Example 1. Study hours and grades. A strong positive $r$ between hours studied and grade suggests a useful linear model for predicting a grade from study time within the observed range, while reminding us other factors also matter (not pure causation).

Example 2. Temperature and ice-cream sales. Sales correlate with temperature, but extrapolating the regression line to extreme temperatures outside the data would mislead, since demand saturates or collapses beyond the observed range.

Try this

Q1. Interpret a correlation coefficient of $r = -0.91$ . [2 marks]

Cue. Strong negative linear correlation: as one variable rises the other tends to fall, with points close to a line.

Q2. A regression line of $y$ on $x$ is $y = 1 + 2x$ . Predict $y$ when $x = 3$ . [1 mark]

Cue. $y = 1 + 2(3) = 7$ .

Q3. Explain why extrapolation can give unreliable predictions. [2 marks]

Cue. Beyond the data range the linear pattern may not continue, so the line is not supported by evidence there.

Exam-style practice questions

Practice questions written in the style of SEAB exam questions on this dot point, with worked answer explainers. The year tag is the paper they imitate, not the source.

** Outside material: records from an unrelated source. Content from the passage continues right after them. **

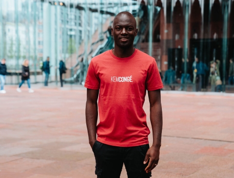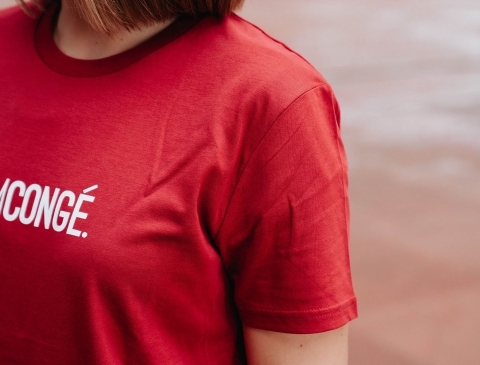 Rode T-shirt met opschrift KEMCONGÉ. voor volwassenen. Als cadeau of gewoon voor jezelf. Recht uit Antwerpen. Met trots voor het dialect.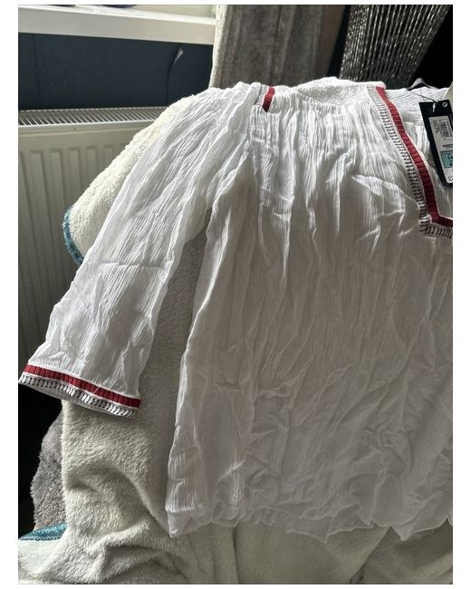 Crafted by M&S, this white blouse is a wardrobe essential for those who appreciate a blend of classic style and comfort. The size 14 top features a charming floral pattern, lending a touch of elegance to your casual attire.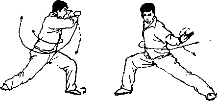 【用法】半击拳和迎心拳 为连贯性打法。我以翻打跌跣 敌,敌如抓擒我腕,我可以右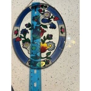 Add a touch of charm to any room with this beautiful Joan Baker vintage suncatcher window. The oval shape features a colorful design of birds and flowers, made from etched glass and finished with a stunning stainless glass effect. Measuring 7 inches in height and 5.25 inches in width, this small suncatcher is perfect for any space.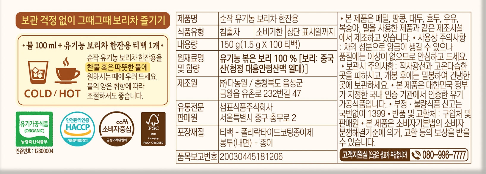 - 순작 유기농 한잔 보리차 티백 ( 150g )

Original4 marksA set of bivariate data gives a product moment correlation coefficient of

r = 0.96

. Interpret this value and state what it suggests about a linear model.

Show worked answer →

$r = 0.96$ is close to $1$ , indicating a strong positive linear correlation: as one variable increases the other tends to increase, and the points lie close to a straight line.

This suggests a linear model fits the data well, so a least squares regression line would give reliable predictions within the data range.

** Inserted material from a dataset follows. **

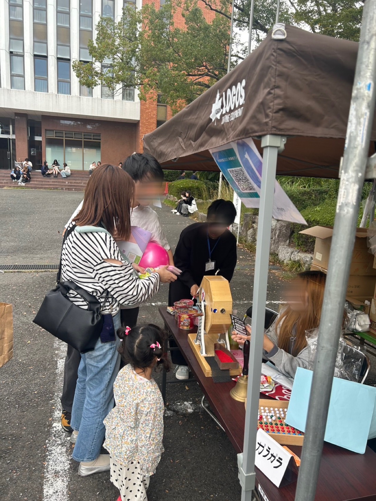 - 大学祭コメント:あいにく天候には恵まれませんでしたが、多くの皆様にご来場いただき、おかげさまで大学祭は大いに盛況となりました。 また、向かい側の建物で同時開催されているイベントの参加者の方々にも足をお運びいただき、会場全体が活気に満ちたものとなりました。 さらに、実行委員会で企画いたしました全体企画におきましては、提供いただきましたクラッシュタイプの蒟蒻畑(シャインマスカット味)を景品として配布いたしましたところ、大変ご好評をいただきました。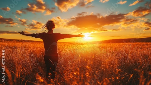 woman, field, sunset, sky, cloud, arm, outstretched, grass, gold, warm, light, silhouette, happy, nature, horizon, landscape, sun, ray, bright, meadow, tranquil, peaceful, freedom, joy, happiness, vibrant, evening, dusk, glow, beauty, open, hugs, hope, inspiration

Markers reward interpreting the sign (positive) and magnitude (strong, near $1$ ), and the comment that a linear model is appropriate.

Original5 marksThe regression line of

y

x

y = 2.5 + 1.8x

. The mean point is

(\bar{x}, \bar{y}) = (4, 9.7)

. Use the line to estimate

y

when

x = 5

, and explain why estimating

y

x = 20

would be unreliable.

Show worked answer →

At $x = 5$ : $y = 2.5 + 1.8(5) = 2.5 + 9 = 11.5$ .

The mean point check: $2.5 + 1.8(4) = 2.5 + 7.2 = 9.7 = \bar{y}$ , confirming the line passes through $(\bar{x}, \bar{y})$ .

Estimating at $x = 20$ is extrapolation, far outside the range of the data. The linear relationship may not hold there, so the prediction is unreliable.

Markers reward the substitution for the in-range estimate, and identifying extrapolation as the reason the far estimate is unreliable.